Further, the preset condition may further include: card (A) _x ∩B _i )/card(A _x ∪B _i ) Greater than a second threshold value, wherein A _x Is a set of class names and method names to be applied, B _i Is the set of class names and method names for the certain known legal application. It is noted that the card (A) function represents the number of elements in set A.

Further, the preset conditions may further include: and the simhash value to be applied is matched with the character string of the simhash value applied by a certain known legal edition at any corresponding position. Preferably, the simhash value of the application to be detected and the simhash value of the certain known genuine application are equally divided into four segments, and the "corresponding position" is the position of the segment corresponding to the certain known genuine application of the application to be detected.

[ DEVICE EXAMPLE 3 ]

Fig. 6 is a flow chart of a counterfeit application detection apparatus according to embodiment 3 of the apparatus of the present invention. Referring to fig. 6, in the present embodiment, the apparatus includes:

a training sample set determining module 61, configured to determine a training sample set, where the training sample set includes a plurality of known counterfeit applications and a plurality of known non-counterfeit applications corresponding to a plurality of known genuine applications;

a training sample weight initialization module 62, configured to initialize weight distribution of each training sample in a training set;

a training sample counterfeit classification module 63, configured to train training samples based on an adaboost classification system by using a plurality of predetermined simhash algorithms, where, for a current simhash algorithm, it is determined whether each training sample and each known positive application satisfy a preset condition, so as to determine whether each training sample is a counterfeit application of each known positive application, and further perform counterfeit classification on each training sample, where the training sample is a tentative application to be checked, and the preset condition includes: s _x And S _i Is less than or equal to the simhash distance threshold corresponding to the current simhash algorithm, wherein S _x Is the simhash value, S, of the training sample _i The method comprises the steps that a simhash value of a certain known legal application is obtained, wherein the simhash value of a certain application is a simhash value obtained by calculating a class name and method name set of the certain application according to a current simhash algorithm; (ii) a

A weak classifier determining module 64, configured to determine a current weak classifier according to a counterfeit classification result of each training sample, where the current weak classifier is configured to output a counterfeit classification result of the current simhash algorithm in a binary manner;

a weak classifier classification judgment module 65, configured to judge whether each training sample is classified incorrectly by the current weak classifier according to a sample label corresponding to each training sample;

a weak classifier weight determining module 66, configured to determine the weight of the current weak classifier according to the classification judgment result of the current weak classifier and the current weight of each training sample;

a training sample weight updating module 67, configured to update the weight of each training sample by using the current weak classifier and its weight, the current weight of each training sample, and the sample label until all simhash algorithm training is finished;

and the counterfeit judgment module 68 is used for performing counterfeit classification on the applications to be detected by using all the weak classifiers, and judging whether the applications to be detected are counterfeit applications of a certain known genuine application or not according to the weight of each weak classifier and the counterfeit classification result.

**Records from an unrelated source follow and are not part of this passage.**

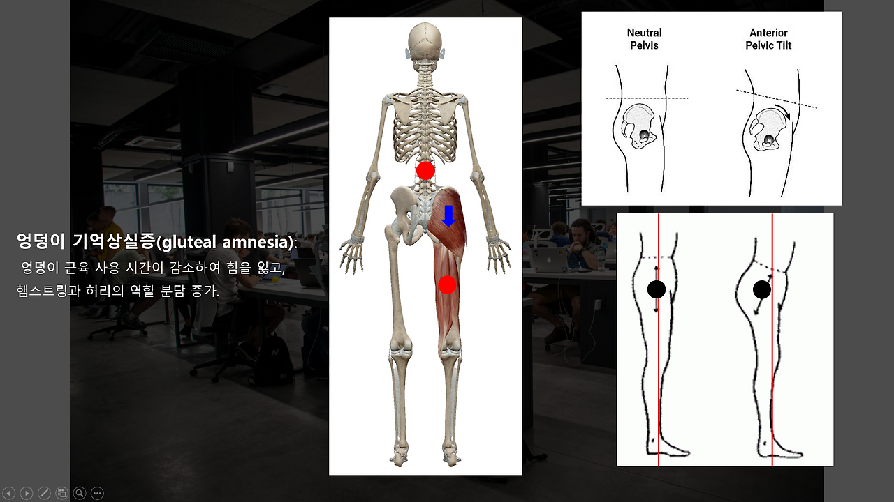 오랜 시간 동안 신체 활동 없이 의자에 앉아 있는 사람의 경우 엉덩이 근육의 힘을 잃고, 고관절 움직임에 대한 역할 분담이 허벅지 뒷 근육에만 떠넘겨지는 상태가 나타난다. 엉덩이가 약해지면 고관절이 앞으로 기울어진 채로 굳은 듯한 현상이 나타나고, 이러한 자세는 체중 중심이 고관절 앞쪽으로 지나면서 고관절에 가해지는 압박 부하를 적절하게 분산시킬 수 있는 능력이 저하된다. 허벅지 뒷 근육과 허리에도 부담이 증가되어 허리 통증이 발생할 수 있다. 척추 생체역학(the Spine Biomechanics) 분야의 권위자인 스튜어트 맥길(Stuart McGill) 교수는 이를 ‘엉덩이 기억상실증(gluteal amnesia)’이라고 불렀다. 앉아있는 시간이 길어진 현대인들에게 운동의 필요성을 설명하며, 엉덩이 근육은 직립 활동 중에 하지에서 척추로 힘을 전달하고, 체간을 바르게 유지하는 데 중요한 역할을 한다고 했다.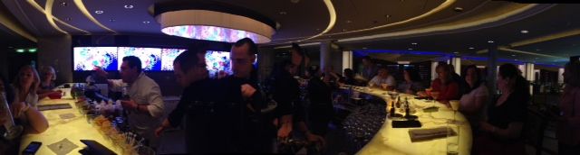 In addition to the dancing & drum collaboration, the acrobatics and singing taking place inside the Reflection Theater the next night was AMAZING! The show Reflection The Show consisted of 80s rock music , incredible costumes, makeup, and amazing acrobatics! The show began with a gang of wild rockers choosing their next leader from the audience, which started out shy, but flourished into a full-fledged rocker with inked up face and amazing vocals as the show progressed. In other words he was Neo being groomed to become THE ONE by Morpheus. By the time the show ended, he achieved  everything shy of stopping bullets! As for the Martini Bar located on deck 4, my only suggestion would be to pick out some land early as it fills up furiously fast with no chance of buying out space from anyone. To say space at the Martini Bar would be a fine piece of real-estate investment would be an understatement! But let’s not stop there… Who enjoys a good glass of wine? Well, it just so happens Cellar Masters is located just across the way from the Martini Bar, where we’re met by Yolvan, Cellar Master’s resident sommelier who explains the machinations of the “pour-by-the-glass” dispensing systems located throughout the impressive cellar, which rivals the masculinity of a Capital Grille. Let’s not forget about the Molecular Bar where Master Mixologist & Liquid Chef, Junior Merino concocted his magic with essence of citrus, pomegranate, & blackberries. But the real magic started when Junior began slowly pouring liquid nitrogen into the glass! Even though I had experienced the Molecular Bar back on the Eclipse, I couldn’t help but feel in awe of what I was seeing here once more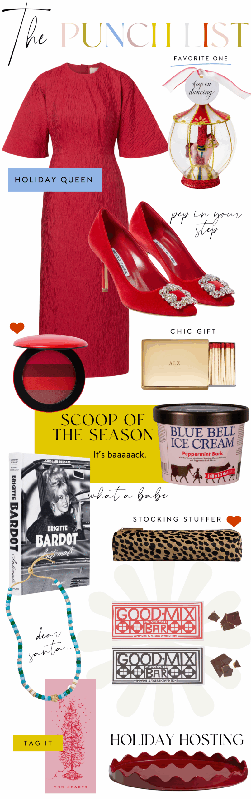 THE PUNCH LIST THE PUNCH LIST CLOCKWISE FROM TOP LEFT: DRESS // ORNAMENT // PUMPS // MATCHBOX SLEEVE // ICE CREAM // CLUTCH BAG // CHOCOLATE BAR // SERVING TRAY // PERSONALIZED GIFT TAG // NECKLACE // BOOK // LIP PALETTEĀ Turn on your JavaScript to view content
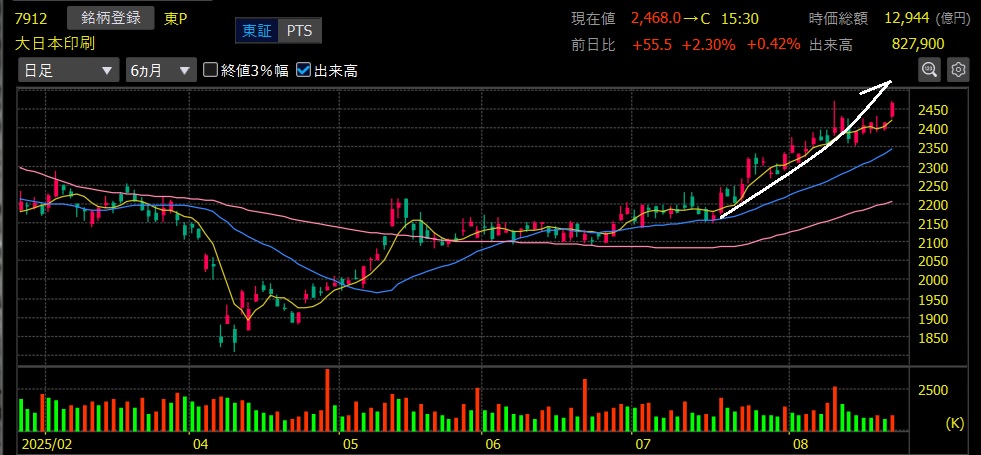 さらに7月半ばにエントリーとなった大日本印刷もエントリー直後から上昇スタートとなり、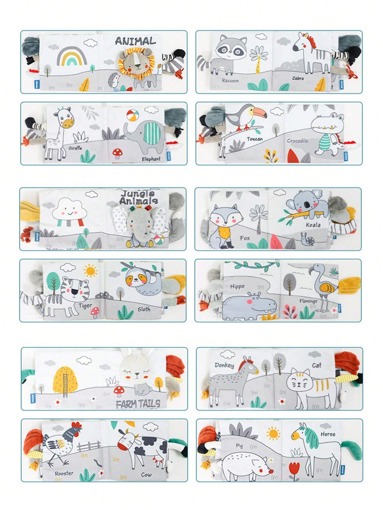1pc 3D Animal Tail Baby Cloth Book With Rustling Sound Untearable Toys For Infant Sensory Training Children’s Gift
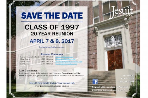 Class of 1997: Save the Date for Your 20-Year Reunion

An embodiment of the present invention further provides a computer device, including a processor and a memory for storing a computer program, where the processor is configured to execute the computer program stored in the memory to implement any one of the counterfeit application detection methods mentioned above, or to implement the processing performed by any one of the counterfeit application detection apparatuses mentioned above.

Furthermore, an embodiment of the present invention further provides a computer storage medium, in which a computer program is stored, where the computer program, when executed by a processor, implements any one of the counterfeit application detection methods mentioned above, or implements processing performed by any one of the counterfeit application detection apparatuses mentioned above.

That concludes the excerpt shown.